Payung ini melambangkan unsur kasundaan yang menggambarkan keberagaman di dalam satu naungan.
Naungan itu adalah Bhineka Tunggal Ika.
Tepat di depan pintu masuk, ada hiolo besar untuk menancapkan dupa yang dibakar.
Baru memasuki ruangan, terlihat altar dengan deretan patung para dewa, termasuk Pan Kho.
Dewa Pan Kho sengaja diletakkan di tengah dan paling atas karena merupakan tuan rumah dan menjadi dewa tertinggi di klenteng ini.
Di dalam klenteng, ada payung bersusun 3 yang melambangkan segala skema manusia, menginjak bumi, menjunjung langit Tuhan yang maha Esa.
Di sisi kanan, terdapat sebuah patung Dewi Kwan Im yang mewakili kepercayaan agama Budha.
Sedangkan di sisi kiri, ada sebuah batu besar khas peninggalan Megalitikum yang diselimuti kain hijau.
Ketika Pajajaran berdiri, batu ini dijadikan monolit yang menjadi titik awal orang Tionghoa mendirikan tempat beribadah.
Artefak itu dipercaya sebagai petilasan Embah Raden Mangun Jaya.
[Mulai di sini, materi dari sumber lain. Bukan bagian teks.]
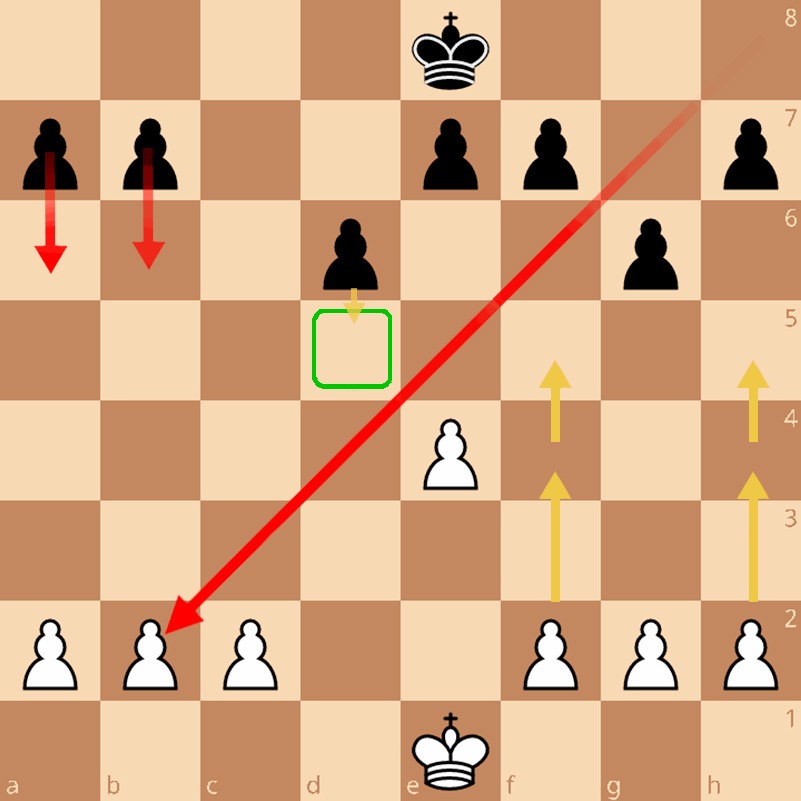 Открывает возможности для крепкой игры черных. Белым нужно активно действовать на ферзевом фланге (атака пешечным меньшинством) или в центре.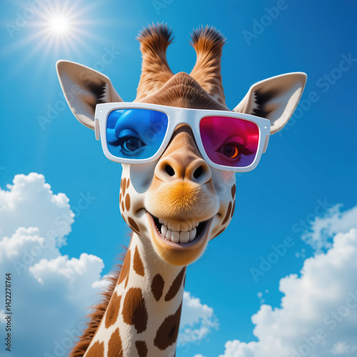 © Budi, Fototapeta premium A cheerful cartoon giraffe wearing 3D glasses smiles under a sunny sky, blending humor, whimsy, and vibrant animated charm.

Masuk lebih dalam ke bagian belakang klenteng, terdapat ruang yang dipakai umat Muslim untuk berziarah.
Sebab di dalam ruangan tersebut ada dua batu besar yang diyakini sebagai tempat petilasan dua tokoh penyebar agama Islam.
Mereka adalah Raden Sake putra Sultan Ageng Tirtayasa dari Banten dan Uyut Gebok salah satu petinggi dari kerajaan Padjajaran.
Selain sebagai tempat berziarah, ruangan ini juga difungsikan sebagai mushala.
Setiap malam Jumat umat muslim ke sini untuk pengajian.